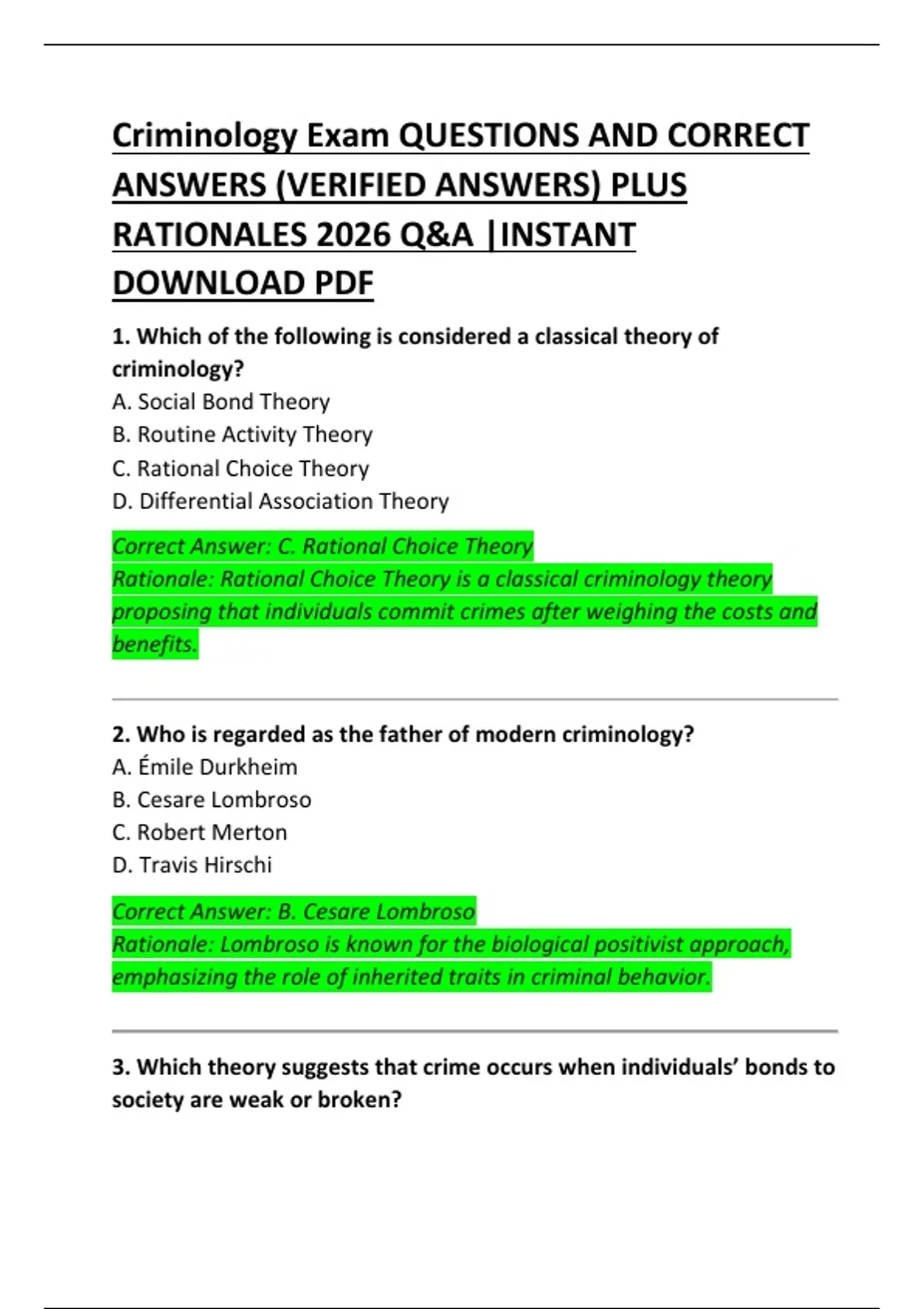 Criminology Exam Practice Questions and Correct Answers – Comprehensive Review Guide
- - -
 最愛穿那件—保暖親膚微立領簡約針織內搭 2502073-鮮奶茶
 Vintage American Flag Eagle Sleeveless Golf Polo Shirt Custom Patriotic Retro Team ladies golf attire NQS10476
- - -
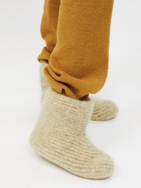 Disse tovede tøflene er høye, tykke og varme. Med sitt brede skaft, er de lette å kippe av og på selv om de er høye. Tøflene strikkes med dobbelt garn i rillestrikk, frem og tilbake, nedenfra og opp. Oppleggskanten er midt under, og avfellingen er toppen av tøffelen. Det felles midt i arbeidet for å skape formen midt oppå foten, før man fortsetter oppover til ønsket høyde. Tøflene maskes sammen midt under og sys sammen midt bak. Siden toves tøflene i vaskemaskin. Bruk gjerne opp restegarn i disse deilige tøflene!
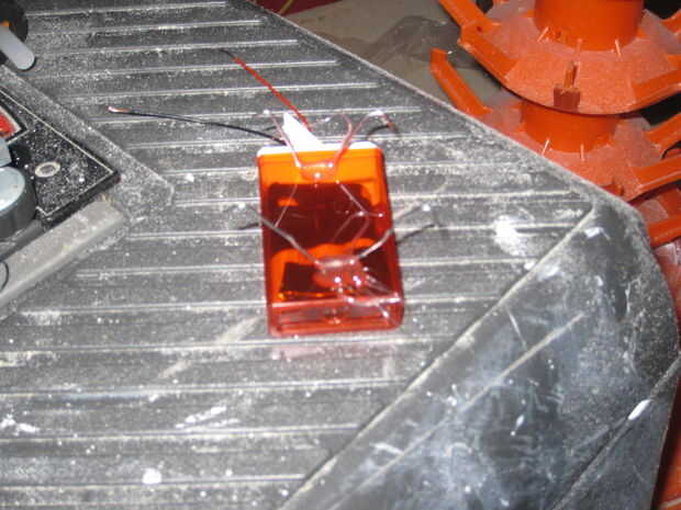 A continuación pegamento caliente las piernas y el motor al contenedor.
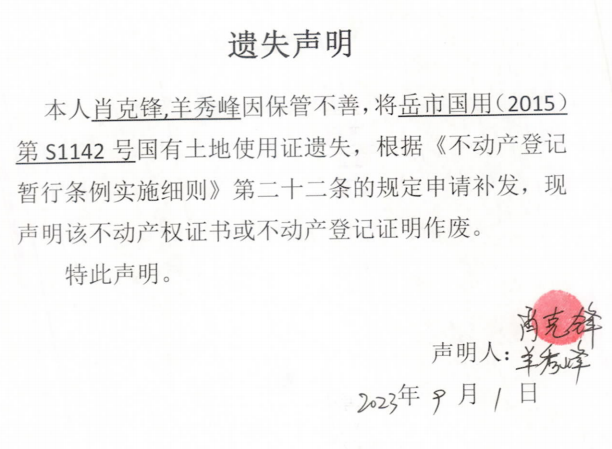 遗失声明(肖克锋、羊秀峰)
- - -
Exercise objective:
Beginning with the line holding "Disse tovede tøflene" in the material above, restate word for word each line through the line holding "遗失声明(肖克锋、羊秀峰)", and exclude pictures.

Reply:
 Disse tovede tøflene er høye, tykke og varme. Med sitt brede skaft, er de lette å kippe av og på selv om de er høye. Tøflene strikkes med dobbelt garn i rillestrikk, frem og tilbake, nedenfra og opp. Oppleggskanten er midt under, og avfellingen er toppen av tøffelen. Det felles midt i arbeidet for å skape formen midt oppå foten, før man fortsetter oppover til ønsket høyde. Tøflene maskes sammen midt under og sys sammen midt bak. Siden toves tøflene i vaskemaskin. Bruk gjerne opp restegarn i disse deilige tøflene!
 A continuación pegamento caliente las piernas y el motor al contenedor.
 遗失声明(肖克锋、羊秀峰)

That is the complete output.